Required columns for Country Engagement not found or DataFrame not loaded.


In [9]:
# Followers Count vs Engagement Score
if 'df' in globals() and 'followers_count' in df.columns and 'user_engagement_score' in df.columns:
    plt.figure(figsize=(8,5))
    sns.scatterplot(x='followers_count', y='user_engagement_score', data=df)
    plt.title("Followers Count vs Engagement Score")
    plt.xlabel("Followers Count")
    plt.ylabel("Engagement Score")
    plt.show()
else:
    print('Required columns for Correlation Scatterplot not found or DataFrame not loaded.')

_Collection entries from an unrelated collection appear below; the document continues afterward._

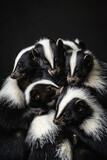 Adorable skunk floating gracefully in the sky, captured on a clean white background, showcasing the charming expression and fluffy tail of this cute animal.
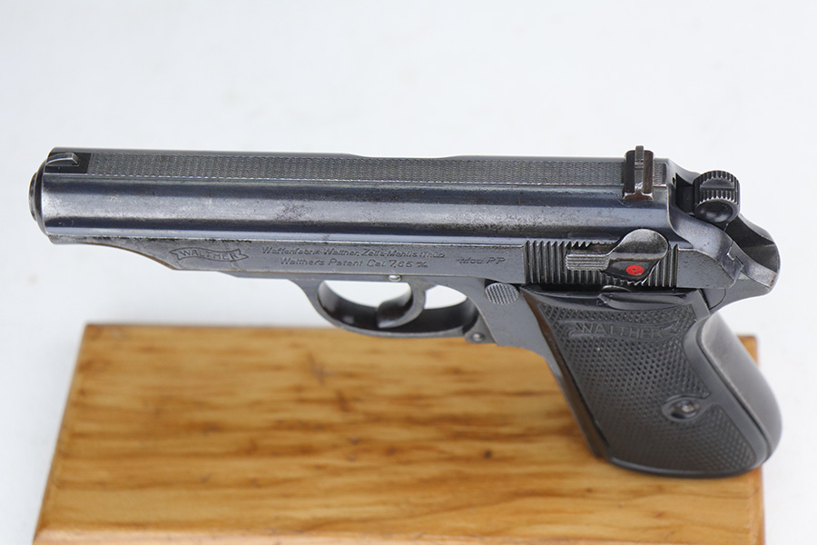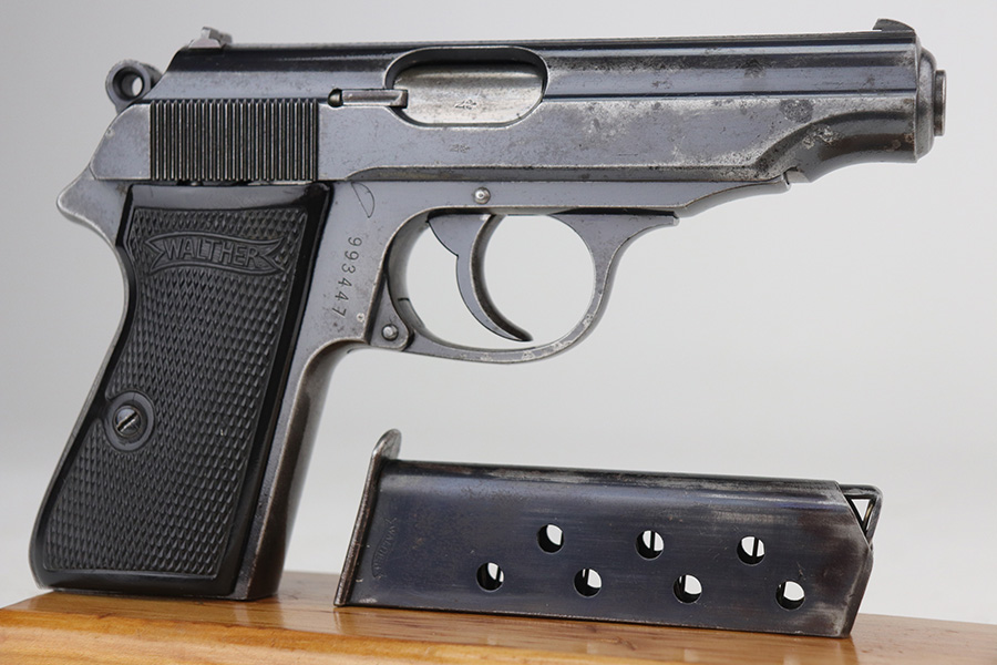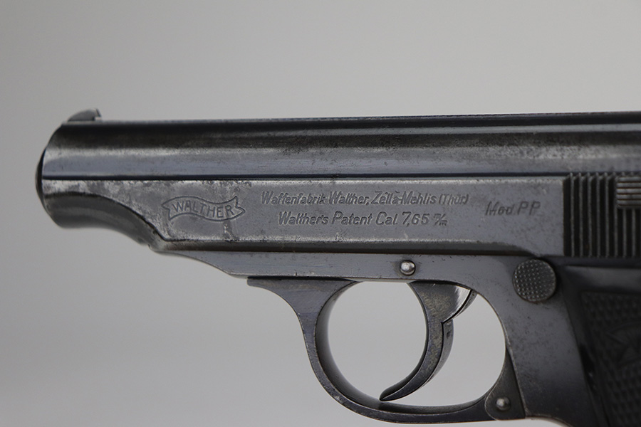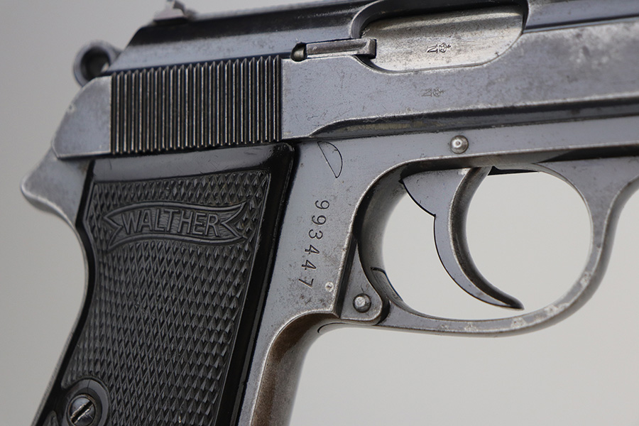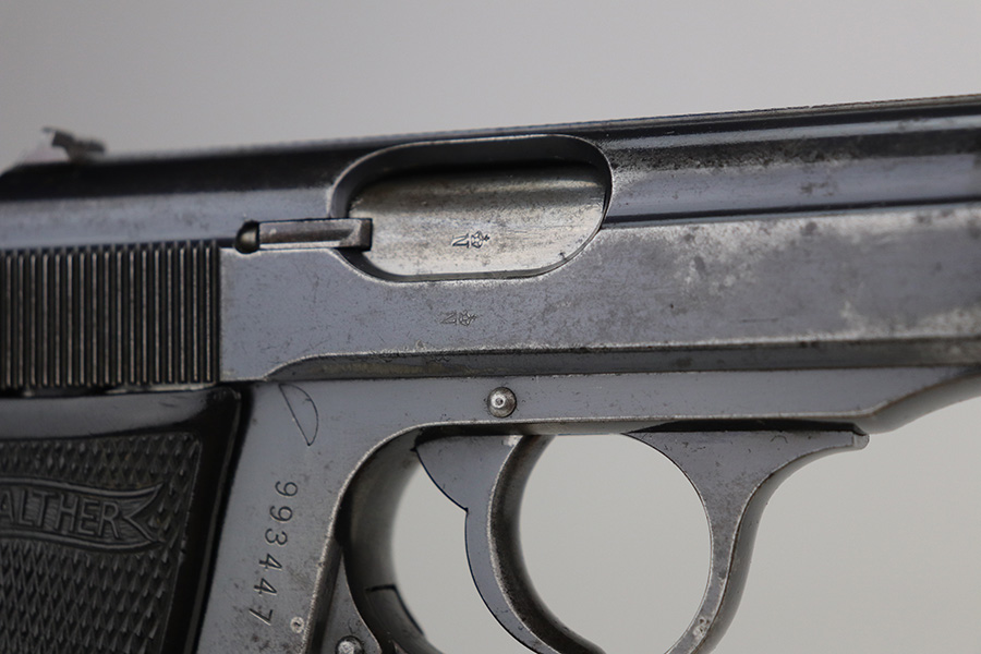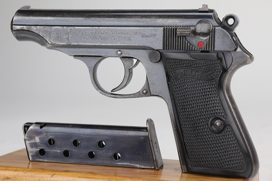 11/10/21 – This is a nice example of a Walther PP sold in the commercial market in 1938. It is all matching and has the proper “Crown N” commercial proofs. The gun has retained roughly 75% of its original high polish finish. There are areas of significant spotty finish loss throughout, most noticeable on both sides of the slide and on the grip straps. There are areas of spotty oxidation throughout and areas with tiny pits on the front half of the slide. Comes with nice black bakelite grips – there is a separation crack along the edge of the left panel. Also comes with a period-correct Walther banner-only magazine. Mint bore.
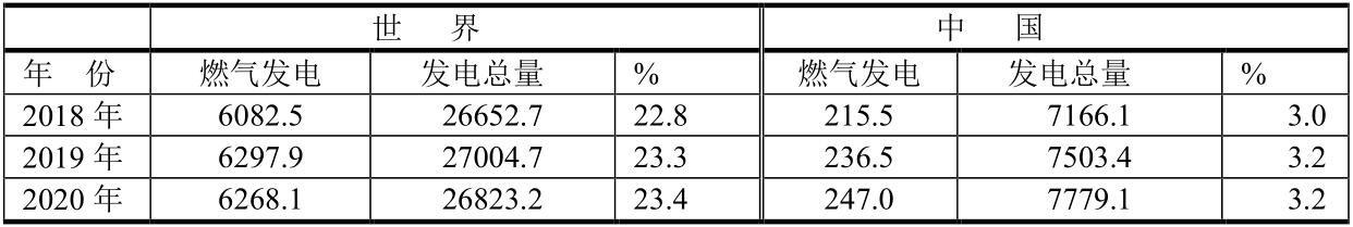 就全球發(fā)電而論,2020年燃煤發(fā)電居首位,占全球總量的9421.4/26823.2=35.1%;燃?xì)獍l(fā)電只居全球第二位,占全球總量的6268.1/26823.2=23.4%。
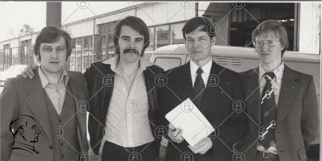 svartvitt, foto, män, mustasch, kostym, skjorta, 1970-tal, retro, dokument, byggnad, utomhus, stil, kläder, ansikten, grupp, porträtt, historia, nostalgi, professionell, samarbete
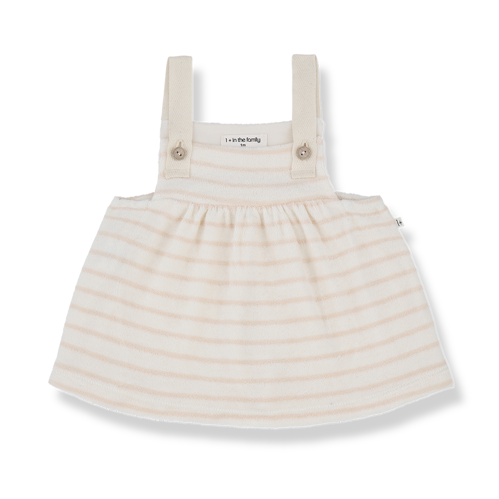 Two pieces in one: dress + bloomer. Elastic chest and back and cotton straps with wood buttons. The bloomer has an elastic waist and thights.
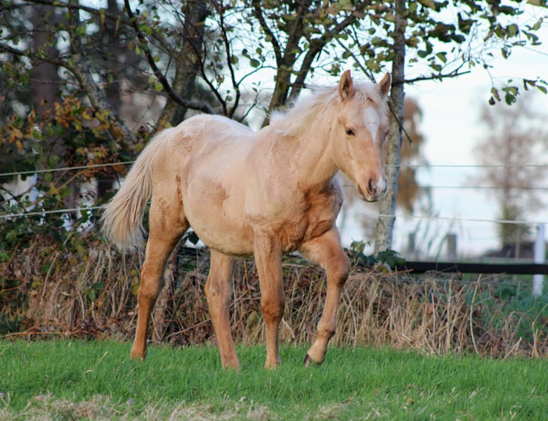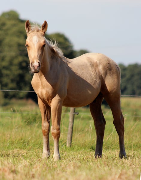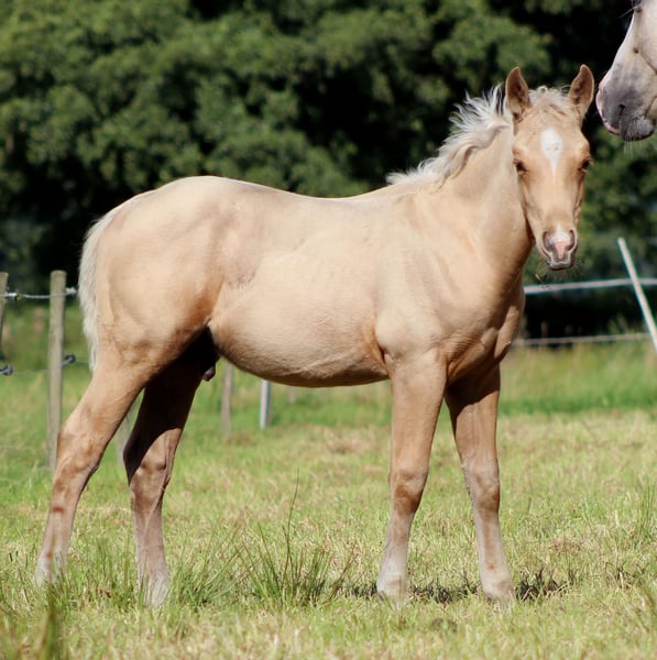 **Verkaufsanzeige: American Quarter Horse Hengst** Zum Verkauf steht ein vielversprechender American Quarter Horse Hengst, geboren im Jahr 2025. Dieser elegante Palomino zeichnet sich durch sein charmantes Wesen und seine hervorragenden Reining-Fähigkeiten aus. **Merkmale:** - **Rasse:** American Quarter Horse - **Geschlecht:** Hengst - **Geburtsjahr:** 2025 - **Farbe:** Palomino - **Ensstockmaß geschätzt :** 151 cm - **Disziplin:** Reining Er kann gerne zur weiteren Aufzucht bei uns bleiben (monatliche Kosten für Unterbringung und Futter 100€). Unser Hengst hat das Potenzial, sowohl im Sport als auch als Freizeitpartner zu begeistern. Er ist gut erzogen, umgänglich und zeigt bereits viel Talent. Bei Interesse oder weiteren Fragen stehe ich Ihnen gerne zur Verfügung. Lassen Sie sich diese Gelegenheit nicht entgehen, einen außergewöhnlichen Partner für sich zu gewinnen! Er besitzt einen Equidenpass der DQHA und COR der AQHA. Wurde regelmäßig entwurmt und dem Hufschmied vorgestellt. NRHA Germany SSP NRHA Belgium Sire & Dam nominiert (über Sire) EURO Futurity/Derby nominiert Bei Interesse freuen wir uns auf Ihre Kontaktaufnahme, um Ihnen weitere Informationen zu geben und einen Besichtigungstermin zu vereinbaren. www.white-diamond-horses.de
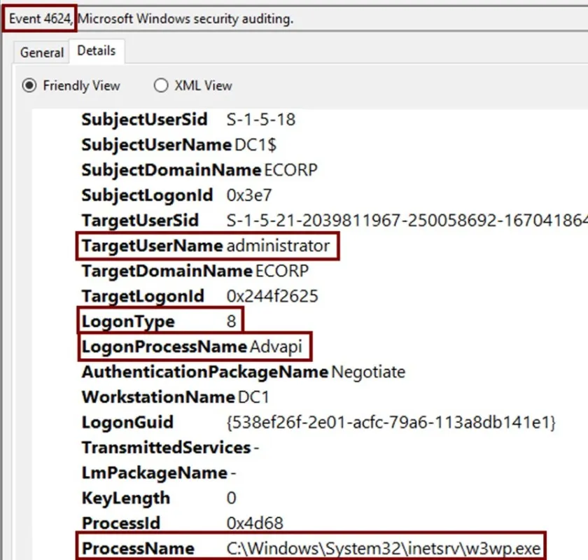The corresponding event log for this Exchange Web Authentication corroborates our observations about IIS Basic Authentication as the logon attempt is Type 8: network clear text (Figure 15).
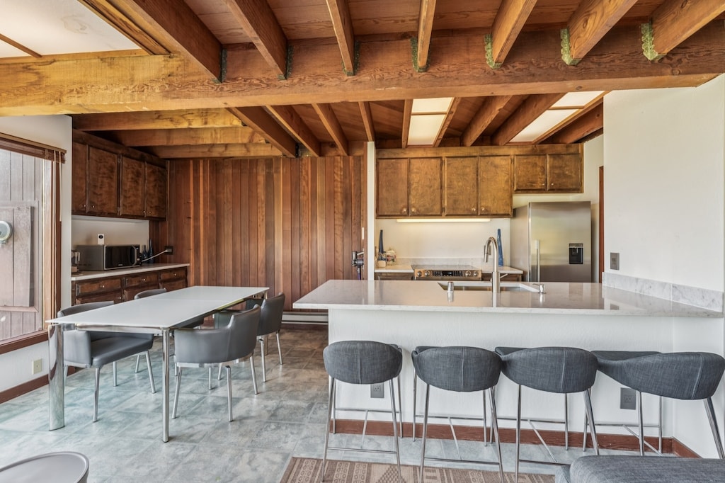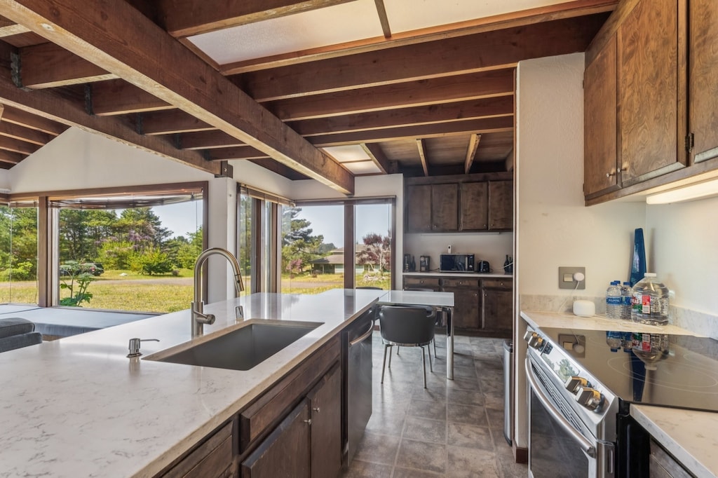 kitchen is equipped for easy home-cooked meals, and the striking stone
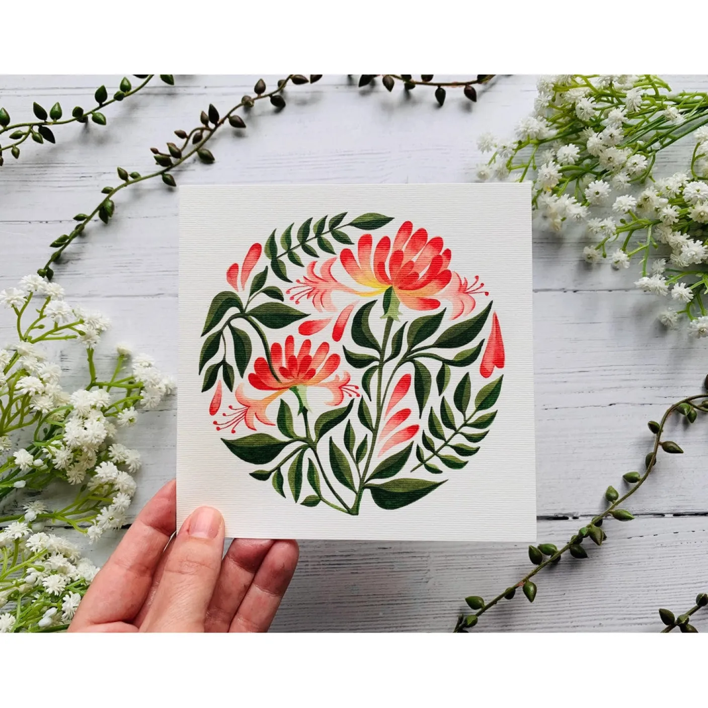Send someone a message with this watercolour honeysuckle greeting card! Featuring a pretty pink and green design, a reproduction of an original watercolour painting, this would be the perfect card for any occasion.
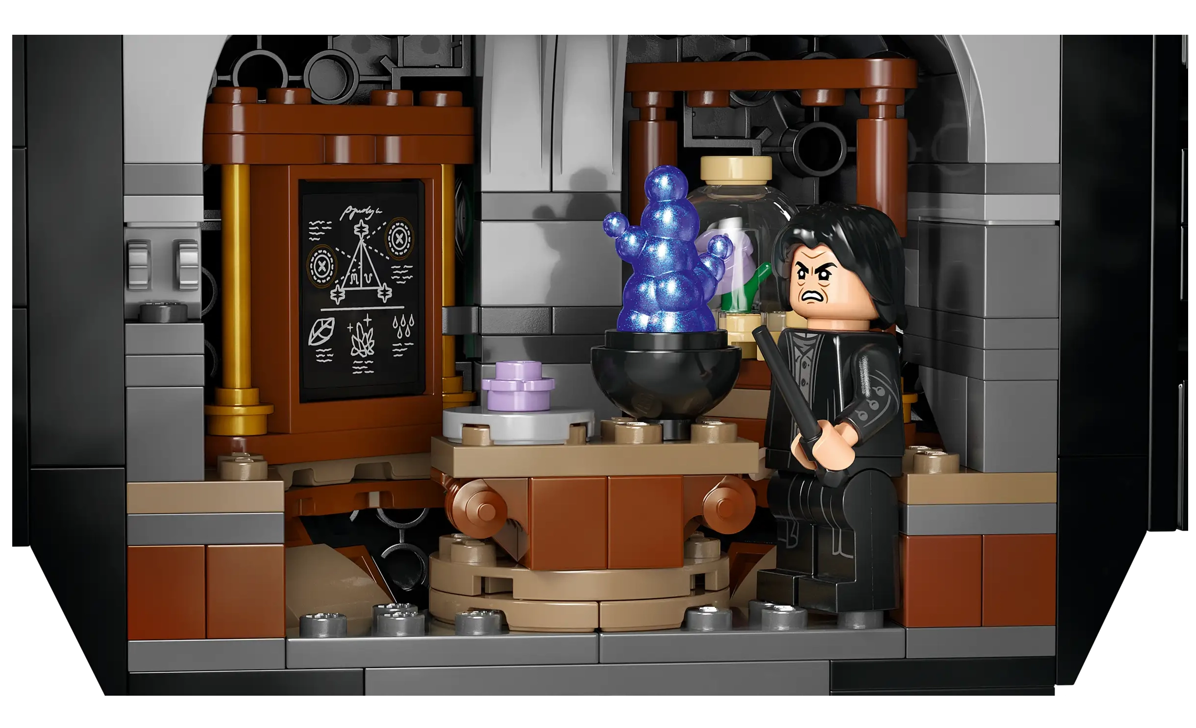 • ΜΥΣΤΙΚΗ ΤΑΞΗ – Κινήστε το κουτάλι ανάδευσης και αποκαλύψτε την αίθουσα με αποσπώμενα τραπέζια για εύκολο παιχνίδι, έναν πίνακα, φιάλες φίλτρων και υλικά LEGO® για φίλτρο λύκου, Πολυχυμό και φίλτρο αγάπης
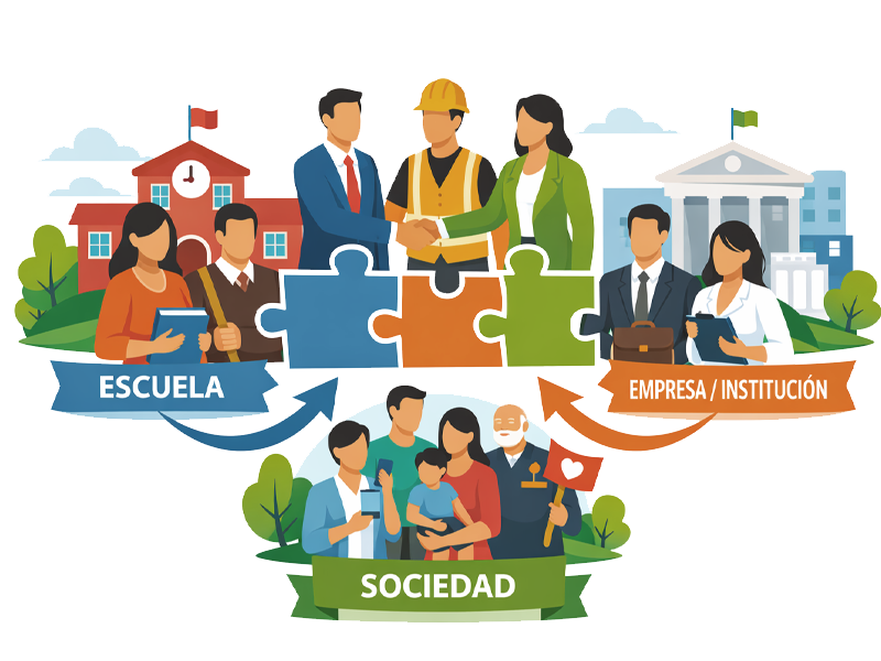 Este componente está pensado para ti, que formas parte de una Empresa o Institución Pública y quieres conocer de manera práctica qué es la Educación Dual y cómo puedes sumarte. Aquí te contaremos, con ejemplos sencillos, de qué se trata esta opción educativa, quiénes participan (Escuela, Empresa, Institución Pública e incluso familias) y para qué sirve. Además, podrás identificar algunos de los tantos beneficios de participar en esta opción educativa como son generar: talento joven mejor preparado, procesos más eficientes y una relación ganar–ganar con impacto social.

Required columns for Correlation Scatterplot not found or DataFrame not loaded.


In [10]:
# Correlation Matrix
if 'df' in globals():
    plt.figure(figsize=(10,8))
    numeric_cols = df.select_dtypes(include=[np.number])
    if not numeric_cols.empty:
        sns.heatmap(numeric_cols.corr(), cmap='coolwarm', annot=True, fmt='.2f')
        plt.title("Correlation Matrix of Numeric Features")
        plt.show()
    else:
        print('No numeric columns available for correlation.')
else:
    print('DataFrame not loaded.')

DataFrame not loaded.


In [11]:
# Monthly Login Activity
if 'df' in globals() and 'last_login_date' in df.columns:
    df['last_login_date'] = pd.to_datetime(df['last_login_date'], errors='coerce')
    df_login = df.dropna(subset=['last_login_date'])
    df_login['Month'] = df_login['last_login_date'].dt.to_period('M')
    monthly_users = df_login.groupby('Month').size()

    plt.figure(figsize=(10,5))
    monthly_users.plot(marker='o')
    plt.title("Monthly Login Activity")
    plt.ylabel("Number of Logins")
    plt.grid(True)
    plt.show()
else:
    print('Column "last_login_date" not found or DataFrame not loaded.')

Column "last_login_date" not found or DataFrame not loaded.